30 December 2014

Chess and EEG

Going back a few weeks to my post on Chess and Meditation, I ended with 'There is more in the article worth exploring, but I'll leave that for another time.' Once in a while I actually find 'another time' and this is one of those times.

That post was based on the cover story 'Mind of the Meditator' from the November 2014 issue of Scientific American. The SciAm article mentioned,

A DOOR TO CONSCIOUSNESS: Meditation explores the nature of the mind, providing a way to study consciousness and subjective mental states from the first-person perspective of the meditator.

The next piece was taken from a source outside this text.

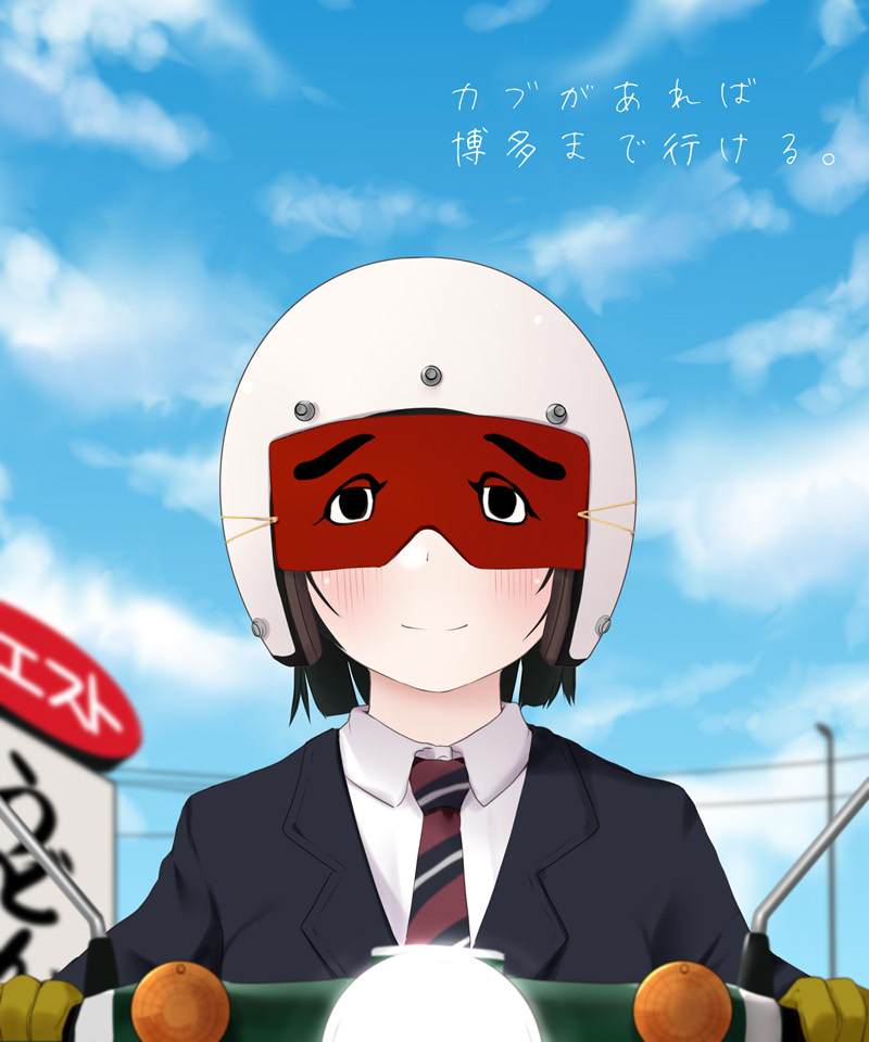 1girl black_hair black_jacket blazer blue_sky blurry blurry_background blush closed_mouth cloud collared_shirt commentary_request day depth_of_field diagonal-striped_clothes diagonal-striped_necktie diagonal-striped_neckwear facing_viewer helmet honda_super_cub jacket koguma_(super_cub) kozue_akari lamppost mask necktie outdoors power_lines shirt short_hair sky smile solo striped_clothes striped_necktie striped_neckwear super_cub translation_request upper_body white_headwear white_shirt

In a collaboration with expert Buddhist meditators at Wisconsin, we have studied the brain's electrical activity using electroencephalography (EEG) during compassion meditation in which the meditators described the well-defined sense of self as becoming less fixed and permanent.

Substitute 'chess' for 'meditation', 'chess player' for 'meditator', etc., and the paragraph reads surprisingly well. In fact, it shouldn't be too surprising, because EEG experiments are occasionally made on chess players. What's EEG? In case you're as clueless as I am, the Wikipedia page Electroencephalography explains,

Electroencephalography (EEG) is the recording of electrical activity along the scalp. EEG measures voltage fluctuations resulting from ionic current flows within the neurons of the brain

A few years ago, GM Simon Williams posted a piece on his blog titled EEG of my Brain Whilst Playing Chess for Horizon BBC. It started,

Just over a week ago myself and Stuart Conquest took part in a fascinating study for the Horizon TV Science program. A certain Dr Amidzic and Dr Sautoy were also involved. Below is an actual EEG reading of my brain whilst I was involved in a game of chess with Stuart Conquest.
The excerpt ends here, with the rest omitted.